CIEN MIL COMO BIN LADEN

-¿Qué ocurrirá si muere Bin Laden?

-Que aparecerán cien mil como él.

-¿Comparte el apoyo de su Gobierno a la coalición internacional?

-Musharraf está cometiendo muchos errores. Pienso que intentó ayudar a Afganistán pero, cuando reconoció públicamente que había pruebas que inculpaban a Bin Laden, le dio luz verde a Estados Unidos para que comenzara el ataque. Se nota que él no es un político, lo está pagando y lo pagará más caro aún. La primera consecuencia es la inestabilidad interna que empieza a sentirse.

-¿Es real el peligro de una revuelta popular en Pakistán?

-No, no creo que el pueblo se vuelva contra su Ejército, que es una institución respetada y querida en el país. Pero la influencia de los grupos religiosos irá aumentando, llegará a las grandes ciudades y presionará al Gobierno para que restituya el sistema democrático.

-¿Cómo interpreta los recientes movimientos en la cúpula militar paquistaní?

-Es un asunto delicado, porque los mandos que han sido relevados llegaron de la mano de Musharraf, son los que contribuyeron a su ascenso al poder. Es posible que los expertos norteamericanos hayan pedido sus cabezas.

-La guerra, ¿debilitará a los talibanes?

-No lo creo; más bien, al contrario. Ya ve que la simpatía por ellos crece en Pakistán. La figura del Sha no es relevante, mucho menos después de que comenzaran los bombardeos.

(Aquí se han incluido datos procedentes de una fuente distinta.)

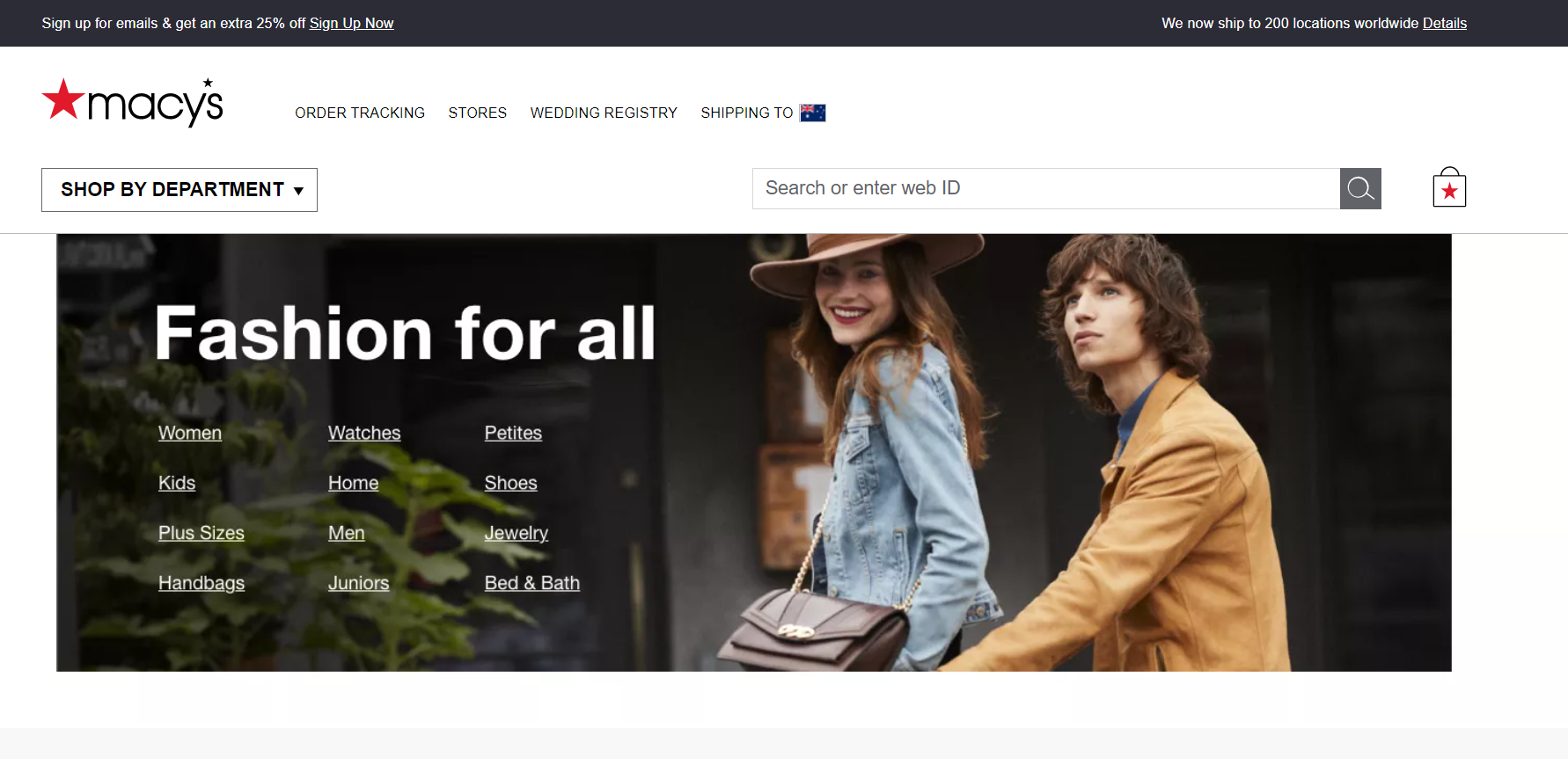 Tip: Did you also know that Macy’s now ships worldwide to 200 regions, including India?

La Alianza Norte, que asegura apoyar su regreso al trono, lo odia profundamente. Los afganos son tan independientes que nunca aceptarían un régimen impuesto desde el exterior.

-Los talibanes, ¿son una creación paquistaní?

-Quien piense eso, conoce muy poco a los afganos y muy poco a los talibanes.

-Imagine el escenario político internacional en los próximos doce meses.

-El Yihad será secundado sin control en todo el Islam, porque esta es una guerra contra el Islam. Los Gobiernos de los países musulmanes están en peligro.

-¿Quién está detrás de los atentados del 11 de septiembre?

-El Mossad, sin duda. Los judíos desean un enfrentamiento entre judíos y cristianos. Piense que es uno de los golpes más sofisticados de la historia. Algo muy serio tuvo que ocurrir en Estados Unidos aquel día; tiene que haber cientos de personas detrás de esto.